§ Problem to solve:
The output should contain the listing word for word and no pictures.

§ Listed entries:
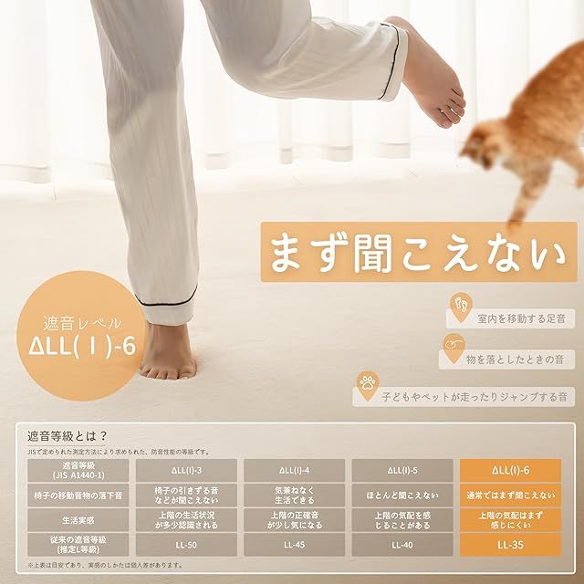 【遮音レベルΔLL(Ⅰ)-6】優れた遮音性能を持つカーペットで、子供やペットがカーペット上で走り跳ねても、ほとんどの音を軽減し、静かでリラックスした生活環境を提供します!
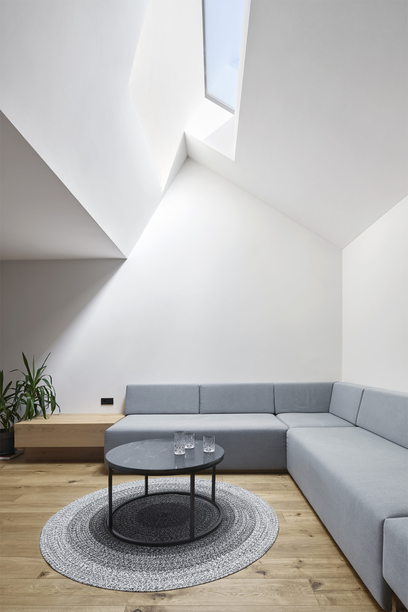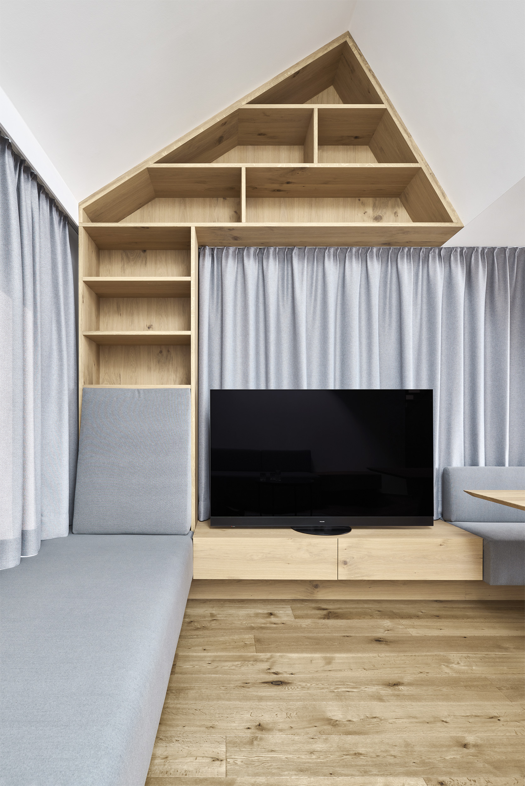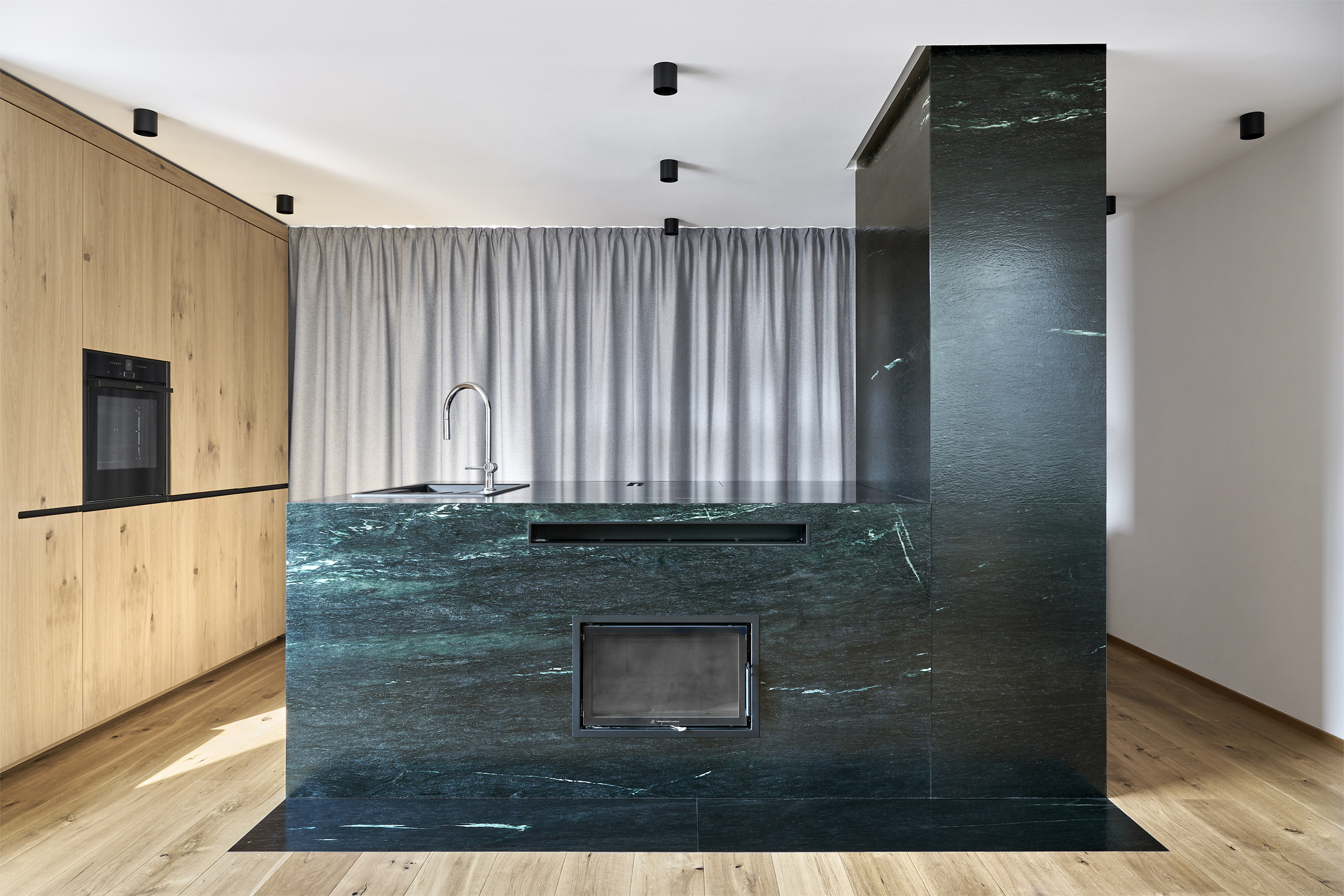 Il nuovo appartamento nel sottotetto della casa di famiglia sorprende con panoramiche vedute lontane. Il tetto stesso diventa un'esperienza, aprendosi intenzionalmente e creando spazi aperti sopra le teste dei vicini. All'interno, intonaco, rovere ed elementi tessili si armonizzano tra loro, creando un'atmosfera piacevole. L'ibrido di stufa e isola cucina si staglia con sicurezza nello spazio, realizzato in serpentino locale dal suggestivo tono verde smeraldo.
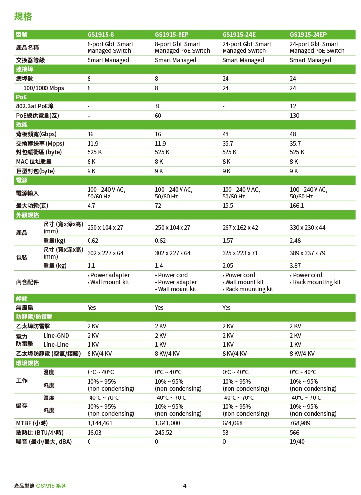 GS1915-8EP/24EP的所有的連線埠均符合IEEE 802.3at規範,每埠供電30W,總供電瓦數達130W,非常適合需要設置更多無線基地台和攝影機的小型企業使用。GS1915-8EP/24EP內建PoE消耗模式(consumption mode),可自動檢測每台電力設備的供電量狀態,並提供恰好足瓦的電力。智慧電力分配功能使閒置浪費的功耗極小化,幫助企業節省資金,讓PoE交換器可供電給更多的乙太網路供電設備。
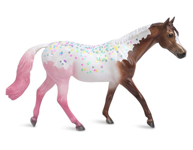 Breyer - Just when you think horses couldn’t get any sweeter, here’s Neapolitan! Decorated like your favorite ice cream treat, her chocolatey brown coat transitions to creamy vanilla, before finishing with a strawberry swish of her tail. Of course, no ice cream dessert is complete without whipped cream and colorful sprinkles, which cover Neapolitan’s topline. A subtle pearly finish completes this decadent dessert.
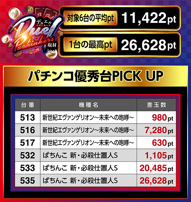 516番台の「新世紀エヴァンゲリオン~未来への咆哮~」は、7,200ptを上回った。
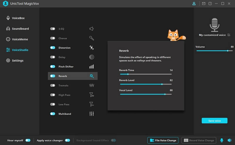 - Trin 5: Du kan også få en brugerdefineret stemme ved at navigere til VoiceStudio. Her bliver du nødt til at justere den brugerdefinerede indstilling til at lyde som en dyb robot, som Pitch Shifter, Reverb, Tremolo, Distortion osv., for at få stemmen som Stormtrooper.

§ Result of the task:
 【遮音レベルΔLL(Ⅰ)-6】優れた遮音性能を持つカーペットで、子供やペットがカーペット上で走り跳ねても、ほとんどの音を軽減し、静かでリラックスした生活環境を提供します!
 Il nuovo appartamento nel sottotetto della casa di famiglia sorprende con panoramiche vedute lontane. Il tetto stesso diventa un'esperienza, aprendosi intenzionalmente e creando spazi aperti sopra le teste dei vicini. All'interno, intonaco, rovere ed elementi tessili si armonizzano tra loro, creando un'atmosfera piacevole. L'ibrido di stufa e isola cucina si staglia con sicurezza nello spazio, realizzato in serpentino locale dal suggestivo tono verde smeraldo.
 GS1915-8EP/24EP的所有的連線埠均符合IEEE 802.3at規範,每埠供電30W,總供電瓦數達130W,非常適合需要設置更多無線基地台和攝影機的小型企業使用。GS1915-8EP/24EP內建PoE消耗模式(consumption mode),可自動檢測每台電力設備的供電量狀態,並提供恰好足瓦的電力。智慧電力分配功能使閒置浪費的功耗極小化,幫助企業節省資金,讓PoE交換器可供電給更多的乙太網路供電設備。
 Breyer - Just when you think horses couldn’t get any sweeter, here’s Neapolitan! Decorated like your favorite ice cream treat, her chocolatey brown coat transitions to creamy vanilla, before finishing with a strawberry swish of her tail. Of course, no ice cream dessert is complete without whipped cream and colorful sprinkles, which cover Neapolitan’s topline. A subtle pearly finish completes this decadent dessert.
 516番台の「新世紀エヴァンゲリオン~未来への咆哮~」は、7,200ptを上回った。
 - Trin 5: Du kan også få en brugerdefineret stemme ved at navigere til VoiceStudio. Her bliver du nødt til at justere den brugerdefinerede indstilling til at lyde som en dyb robot, som Pitch Shifter, Reverb, Tremolo, Distortion osv., for at få stemmen som Stormtrooper.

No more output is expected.